Now.... I am looking for a boat in the 34-38' range. Don't want to go much below 34' since higher wind days really toss you around here, and don't want to go too much bigger since we would just be a couple trying to handle the boat and dock on our own, etc. 

My main question is... Since 95% of boats for sale on the southern end of the lake seem to be Hunters, Catalina's, C&C's, and the occasional Beneteau and the like, would it be worthwhile to wait for a true blue water boat to come up for sale so I wouldn't have to worry about some of the 18-24 hour passages I plan on making in the future? On the one hand it would seem that if most of those boats are what people own around here they're good enough for our purpose, but on the other, most people probably don't do lake crossings which can take a whole day offshore when storms could pop up unexpectedly. 

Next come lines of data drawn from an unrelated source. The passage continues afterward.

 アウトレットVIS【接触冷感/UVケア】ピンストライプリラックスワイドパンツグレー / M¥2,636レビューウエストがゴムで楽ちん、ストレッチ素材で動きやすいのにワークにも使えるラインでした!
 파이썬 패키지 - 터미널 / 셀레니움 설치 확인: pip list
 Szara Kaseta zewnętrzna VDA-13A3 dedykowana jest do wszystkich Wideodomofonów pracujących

Now I have no problem buying a boat more heavily built than I actually need, but my initial impression is that since Hunters, Catalina's and so on are so looked down upon for world cruising, they might not do well in the Great Lakes for longer passages or a month away from my home port either. Curious what others think and if you have any other recommendations that would do well for me. Thanks!


----------



## Minnewaska (Feb 21, 2010)

I always say one should buy the boat they need 90% of the time. Just figure out how to deal with the other 10%, which is always possible. Despite the debate of what a blue water boat really is, you will be coastal cruising the vast majority of the time. I would not worry about the boat, but pay more attention to outfitting her properly for your passages and having the skills, sail inventory, quick reefing, etc, to keep her safe. 

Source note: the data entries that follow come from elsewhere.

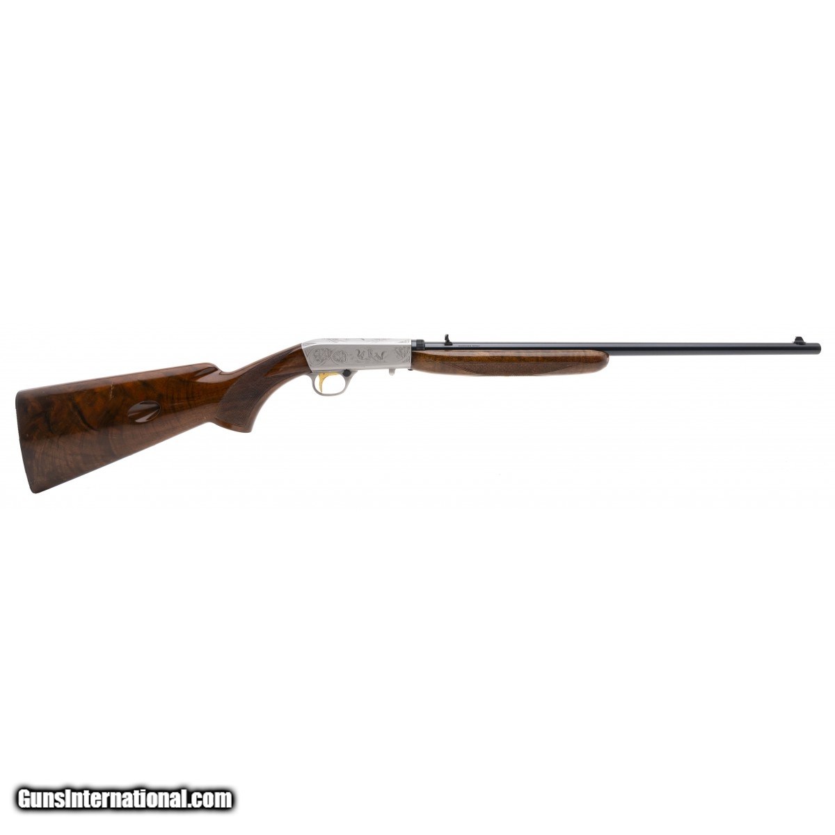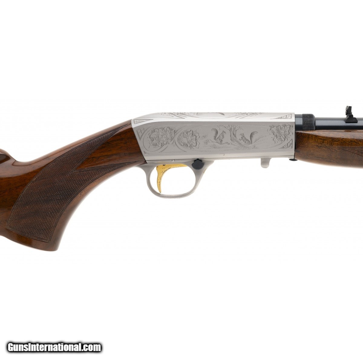 Description: " SN:6T45559. Made in 1966 .22 LR with a 19"" barrel. Bore is excellent. Belgium made Grade II take down rifle. The metal has excellent finish with some nicks and marks on buttstock. Overall condition is very good. SOLD |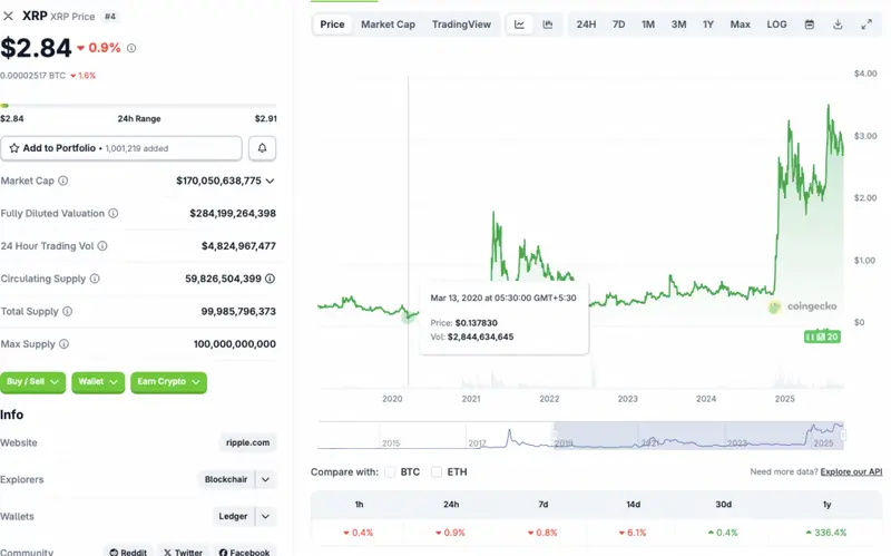 Ripple’s XRP token has had quite a ride over the last year. The asset struggled to gain momentum after the SEC sued Ripple in 2020 for allegedly selling unregistered securities. According to CoinGecko’s data, XRP’s price was hovering at around $0.1 in March 2020. Since its 2020 lows, XRP’s price has come quite a long way. Let’s discuss what a $1000 XRP investment in September 2020 is worth in 2025.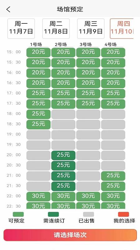 通过直连各球馆本地管理系统,拥有实时数据。可以像在线电影订票系统一样选馆选场地。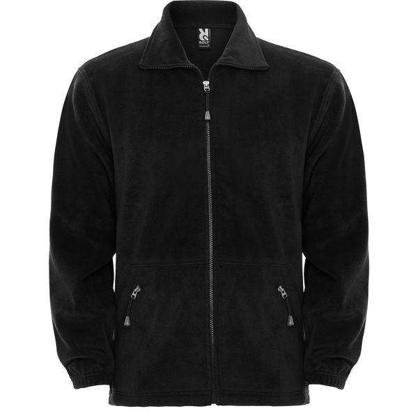 Fleece jacket, with high necked lined collar and matching full zipper. Side pocket with zipper, elastic cuffs and waist with side adjusters.

In your position, I would be more focused on other things, like how she sails, whether I need short handed set up, creature comforts for long cruises, etc. I might even be more concerned with resale in that market than having a blue water boat. Obviously, there is greater demand for coastal crusiers.

Good luck in the search.


----------



## Large Luke (Mar 24, 2012)

My wife and I had the same criteria as you when looking for our boat. In our two year search, we found plenty of ocean going boats in the Great Lakes area on Yacht World. As far as finding an ocean going boat in your area we saw quite a few in Muskegan Mi Waukegan Ill. Toledo Oh. etc Larsen Marine has a Hans Christian 38 for sail in Racine Wi. You could almost walk there from Chicago. Contact Ed Jirsa there, he like all other boat brokers has a large network of brokers to help you find what you are interested in. While my wife and I didn't end up with a boat from Captain Ed, we found him to be very helpful as well as knowledgeable about boats. Most importantly he always returned phone calls "promptly" and spent as much time as "we wanted" explaining options to us. Good luck with your search.


----------



## zedboy (Jul 14, 2010)

It's true the lakes can be nasty. But they're also limited in size, with lots of places to duck into for shelter and excellent forecasting. Upshot: if you end up in the middle of the lake in a big one, it's your own fault.

I sailed with a friend on Lake Ontario for a few years before getting my own boat, a production 26'. Sure things got short and steep sometimes - but guests were generally getting green and begging off long before we faced anything that would have challenged the boat.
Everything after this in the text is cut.